This precious red-and-gold striped onesie had been a gift from George when James was born. She fought the stinging behind her eyelids as she laid it on top of a lacy blue dress, from Fleur especially for her first-born—her only—daughter. She was ready to leave her childbearing years behind. She was ready to donate the maternity clothes and do away with the crib, as soon as Lily had finished using it.

But the end of this season was going to lead to an empty house, and Ginny wasn't sure if she was ready for that. Eleven years from now, on a September day just like this one, she would put James, Albus, and Lily onto the Hogwarts train and come home to silence.

As she added the final outgrown outfit to the box, she stood and sealed it shut with her wand before pecking Harry on the cheek and apparating to St. Mungos with her donation.
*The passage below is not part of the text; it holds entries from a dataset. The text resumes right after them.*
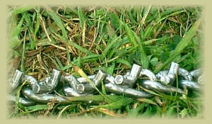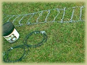 Las medidas de las cadenas van de acuerdo al tamaño de los neumáticos. Por ejemplo, para la Ranger, usamos un par número 9, que puede utilizarse para neumáticos de 225 x 15 ó 235 x 15. El peso de estas cadenas con púas es de 15 kg.
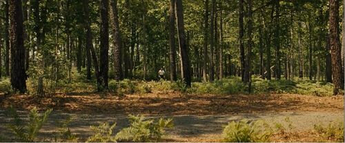 沙马兰在这一问题的处理上可谓单刀直入。代表传统类型结构重要部分的一家人开车到访被放置在影片中段的回忆部分。电影开始的节点也即是对类型元素调用的起点。小女孩抬起头,看向景深近乎平面的森林,完美代表类型片刻板人物形象的巴蒂斯塔出现,一出大戏拉开了帷幕。
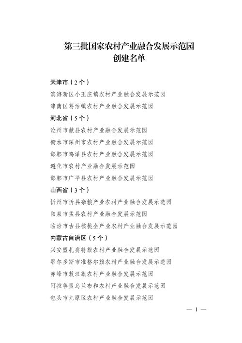 为充分发挥示范引领作用,推动农村一二三产业融合发展,促进农业增效、农民增收、农村繁荣,在各地自愿申报、省级部门推荐、第三方评审的基础上,经国家农村产业融合发展部门协同推进机制各成员单位共同研究,同意天津市滨海新区小王庄镇农村产业融合发展示范园等116个单位创建第三批国家农村产业融合发展示范园(以下简称示范园)。现将示范园创建名单予以公布,并就有关工作通知如下:
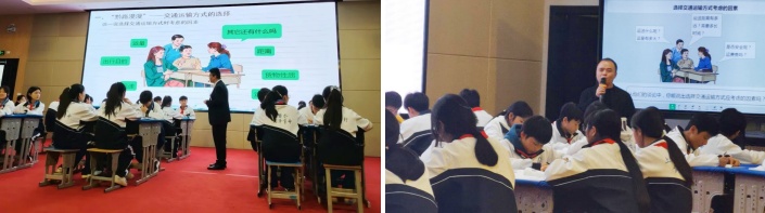 省级兼职教研员梅永华、吴林亚,市(州)教研员或领队邓美、宋钊锋、谭敏、韩丽薇,分别从课标解读、教材运用、情景创设、问题设置等方面展开评课议课,让老师们从教学依据思考教学、从教学目标的达成思考方法、从新课标向老教材的过渡思考评价,指引了课堂教学实际的方向。

As the mediwitch wrapped her fingers around the bottom of the box to accept it, Ginny tightened hers.

"You don't have to let go yet, dearie, if you're not quite ready." The matronly woman smiled knowingly at Ginny.

Ginny summoned every inch of fire and courage she possessed and dropped her hands to her sides. "No. It's time. Someone else needs it more than me."

She paused to glance at the leaves on the maple tree in her front garden on her way back home. Their tips were just barely tinged with red and orange. In just a few weeks, the tree would blossom into magnificence; it would be beautiful in its change, and so would she.


End file.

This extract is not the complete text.